Silver is a precious metal that is most commonly used in the making of jewelry, production of tableware and manufacturing of coins. The precious metal is typically combined with small amounts of other metals to add a considerable amount of strength and durability to the product.
In the United States, silver coins were composed of 90 percent silver and 10 percent copper until 1965, when the silver content of half dollars were decreased to around 40 percent. Silver was eventually removed from quarters and dimes after 1964. The U.S. governments sold the last of its marketable silver in 1870, which in earlier time frames of the economic history of the country had been utilized to support a monetary system which is referred to as bimetallism.

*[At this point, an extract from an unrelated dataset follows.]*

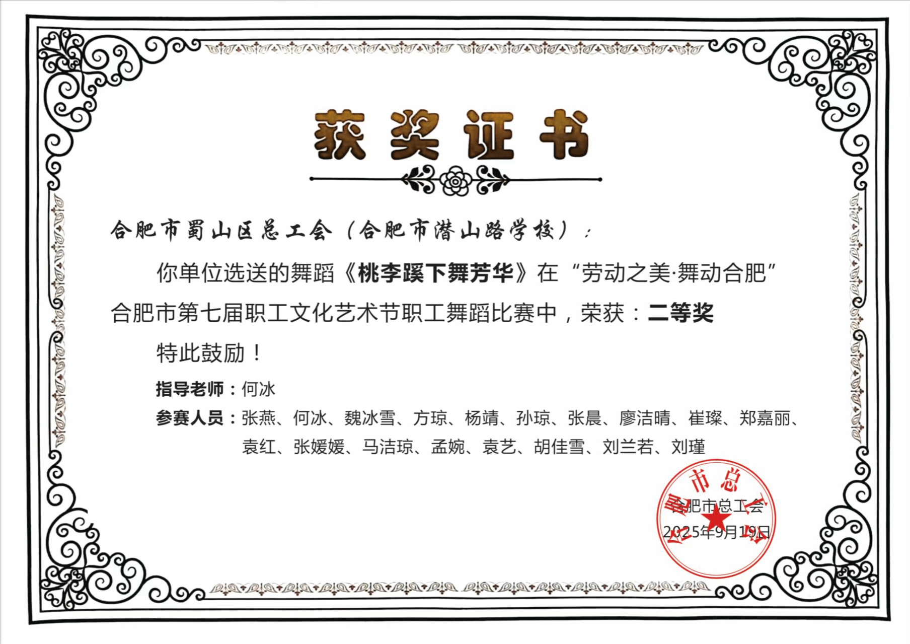 近日,合肥市第七届职工文化艺术节“劳动之美,舞动合肥”职工舞蹈比赛圆满落幕。必赢线路检测中心音乐学院教师何冰在合肥市潜山路学校挂职副校长期间,带领该校教师团队编排的舞蹈《桃李蹊下舞芳华》凭借精湛的艺术呈现与深刻的内涵表达,从众多参赛作品中脱颖而出,最终斩获比赛二等奖。

Sterling silver is an alloy that is 92.5 percent silver and 7.5 percent copper and is most commonly used for tableware and other silver objects. Silver is also used in coating smooth glass surfaces via precipitation from a solution or vaporization of the metal; nonetheless, aluminum has for the most part replaced silver in this specific application.
The metal is used in a wide variety of circuitry in electronic and electrical components. Weak solutions of silver nitrate, colloidal silver and some other intricate silver compounds such as potassium are also used in medicine as bactericides and antiseptics. A silver protein compound commonly referred to as Argyrol is a local antiseptic for the ears, eyes, throat and nose.
Silver chloride, silver bromide and silver iodide are used in emulsions for photographic, film, plates and or paper. These salts are easily soluble is sodium thiosulfate which is the specific chemical compound that is utilized in the process of photographic fixing.